Is this a Tarantinoesque take on Jacobean drama or more straight-faced than that? It seems like a bit of both. There is a filmic quality with buzzing music and characters’ names projected on to a white backdrop, along with slick, stylised brutality. The Duchess’s brothers, Ferdinand (Rory Fleck Byrne) and the Cardinal (Paul Ready, fantastically evil), have the thuggish quality of mobsters. But these elements flatten the emotional shocks in the tragedy.
The occasional songs have soulful, earnest tones that do not quite cohere with the Tarantino energy. There is a number by Whittaker (beautiful) and, later, by the Cardinal’s lover, Julia (Elizabeth Ayodele), that could be reflective monologues, set to music, but it becomes cornier with the arrival of a singer (an angel?) dressed in white.

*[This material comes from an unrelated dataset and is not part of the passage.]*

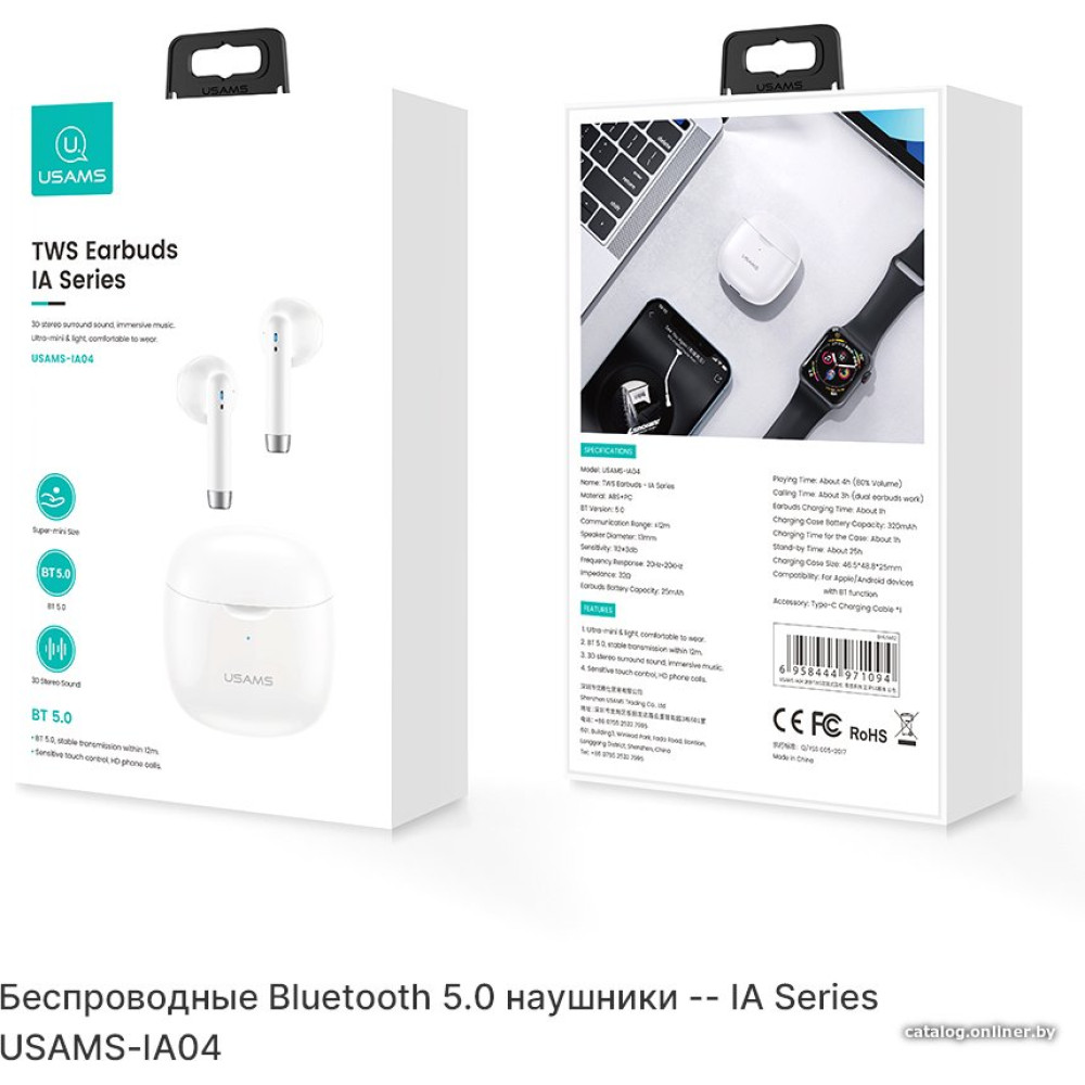 беспроводные наушники с микрофоном, вставные, портативные, полностью беспроводные (TWS), Bluetooth 5.0, 20-20000 Гц, время работы 4 ч, с кейсом 28 ч

The intersections of wealth and gender are well highlighted in the first half, when the duchess, like her brothers, is very aware of her power and enjoys exerting it over her steward turned secret husband, Antonio (Joel Fry, servile and bumbling, though charmingly so). The servants are aware of their powerlessness, some using it as a way to excuse their actions – especially Bosola (Jude Owusu). Misogyny is unpicked through his character rather thumpingly and you feel no sense of his inner journey.
Harris’s script abounds with exposition, with characters explaining themselves. (“I am not her equal,” says Antonio of the Duchess. “I’m impulsive and headstrong,” says the Duchess, and on.) The brothers are baroque, and flatly symbolic. Ferdinand is eaten up by incestuous desire, aiming a knife at his sister’s vagina.

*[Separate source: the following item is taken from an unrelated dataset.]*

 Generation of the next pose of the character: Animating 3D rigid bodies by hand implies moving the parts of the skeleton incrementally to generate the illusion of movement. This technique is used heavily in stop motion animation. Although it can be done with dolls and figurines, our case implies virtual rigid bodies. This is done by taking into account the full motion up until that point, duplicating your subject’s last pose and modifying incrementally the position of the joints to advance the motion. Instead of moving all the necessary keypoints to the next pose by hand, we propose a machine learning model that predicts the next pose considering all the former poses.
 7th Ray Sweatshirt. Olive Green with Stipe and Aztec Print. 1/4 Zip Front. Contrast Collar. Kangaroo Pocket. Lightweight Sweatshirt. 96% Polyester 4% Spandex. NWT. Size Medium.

Tom Piper, who designed the original show at Edinburgh’s Royal Lyceum, is back with a white industrial set that has a gantry, allowing for eavesdropping and spying from above, while Ben Ormerod’s lighting is full of shadow play. During the duchess’s torture, the stage turns into a kind of Room 101, with graphically violent images projected. Whittaker plays the duchess’s defiance in death strongly, remaining empowered into the afterlife – as does her maid – and assuming an active role in the downfall of her brothers.
The performances are powerful but the setup feels so overbearingly orchestrated that you do not feel the characters’ passion or anger. For all its good ideas, perhaps there are too many of them. It seems ultimately like auteur overload.